I had a look at your example and found that the problem is that dask_image
reads each individual tile using pims.open
on the input file pattern, rather than reading in the relevant file in a more targeted manner. So for each read, pims
instantiates an ImageSequence
, and this is taking very long. These are the relevant lines of the dask_image
code:
I guess for the application you're working on your "pure dask" code does the trick. As you also commented, it's okay that it's a bit slower than the sequential non-dask version, since its primary purpose consists of providing lazy data chunks.
For dask_image
it would be great to fix this though. This issue relates to https://github.com/dask/dask-image/issues/121. I'm writing a PR proposing a solution (will be linked here).

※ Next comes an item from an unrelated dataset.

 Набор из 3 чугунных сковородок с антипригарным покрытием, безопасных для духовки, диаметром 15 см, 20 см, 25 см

Thank you very much @m-albert!, I am happy to contribute for the first time to this amazing project, even though it is just a tiny bug report :relaxed: ...Please excuse me the following beginner question: why does dask-image use pims for loading the images?...why not use, for instance, a standard delayed skimage.io.imread?

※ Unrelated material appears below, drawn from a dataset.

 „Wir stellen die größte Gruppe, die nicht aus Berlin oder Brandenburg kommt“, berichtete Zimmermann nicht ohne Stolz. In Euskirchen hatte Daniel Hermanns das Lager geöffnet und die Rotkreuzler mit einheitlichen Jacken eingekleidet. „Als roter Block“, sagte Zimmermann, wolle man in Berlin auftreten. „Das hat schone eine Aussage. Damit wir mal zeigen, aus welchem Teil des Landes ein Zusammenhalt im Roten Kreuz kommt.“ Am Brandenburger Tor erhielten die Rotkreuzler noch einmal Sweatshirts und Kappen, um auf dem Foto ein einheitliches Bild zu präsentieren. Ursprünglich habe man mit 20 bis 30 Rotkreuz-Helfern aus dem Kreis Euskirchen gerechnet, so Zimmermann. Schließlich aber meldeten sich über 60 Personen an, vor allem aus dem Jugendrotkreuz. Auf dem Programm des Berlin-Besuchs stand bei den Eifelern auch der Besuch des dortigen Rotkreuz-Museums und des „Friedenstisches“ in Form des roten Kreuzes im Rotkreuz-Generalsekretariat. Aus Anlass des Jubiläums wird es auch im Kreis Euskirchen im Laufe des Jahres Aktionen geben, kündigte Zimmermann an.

why does dask-image use pims for loading the images?...why not use, for instance, a standard delayed skimage.io.imread?
@jmontoyam That's a good question. Regarding the delayed
part of your question, dask_image
currently uses da.map_blocks
which can lead to cleaner dask graphs than constructing arrays using delayed
(would need to double check this though).

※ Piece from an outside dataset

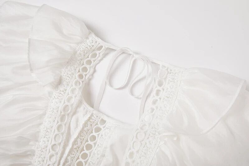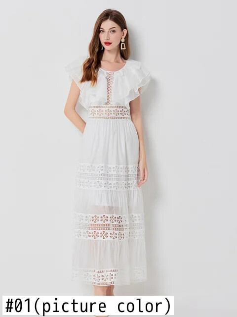 SMTHMA ハイエンド新製品 Baumwoll spitze aushöhlen Kleid Damen Rüschen große Schaukel パッチワーク weiße Landebahn lange Kleider | two

Regarding the skimage.io.imread
part of the question, in this thread https://github.com/dask/dask-image/issues/18 @jakirkham argues that pims
can return information about image dimensions in a lazy manner and supports the most file formats.
Thank you very much for the explanation @m-albert !...By the way, I have checked the #182 , and everything looks good to me, thank you very much for taking the time to address this issue! ;)
Sorry, clicked the wrong button!
I've just merged #182 from @m-albert now.
Since it seems like that fixes @jmontoyam's problem, I'll close this issue now. Feel free to reopen this issue if I'm wrong about that.
Reopening this issue, based on more recent discussions about the performance of imread.
From @m-albert in https://github.com/dask/dask-image/issues/194#issuecomment-791987698
Critically, dask.array.image.imread() does not show the same problem - https://github.com/dask/dask/blob/master/dask/array/image.py
Would we lose much functionality if that became the canonical way to open images? Perhaps we could adapt it to use pims instead of skimage by default.
This one wasn't on the list of imread functions profiled here. I'd say profiling the performance here might be a good next step. If it performs decently, maybe we move in that direction.
Here's a performance comparison:
import skimage.io
import pims
def pimread(fn):
with pims.open(fn) as imgs:
return np.asarray(imgs[0])
%%time
for i in range(10):
dask_image.imread.imread(os.path.join(folder,'im_*.tif')).compute(scheduler='threads')
# 8.7s Nz, Ny, Nx = 1000, 100, 100
%%time
for i in range(10):
dask.array.image.imread(os.path.join(folder,'im_*.tif'), imread=pimread).compute(scheduler='threads')
# 6.8s Nz, Ny, Nx = 1000, 100, 100
%%time
for i in range(10):
dask.array.image.imread(os.path.join(folder,'im_*.tif'), imread=skimage.io.imread).compute(scheduler='threads')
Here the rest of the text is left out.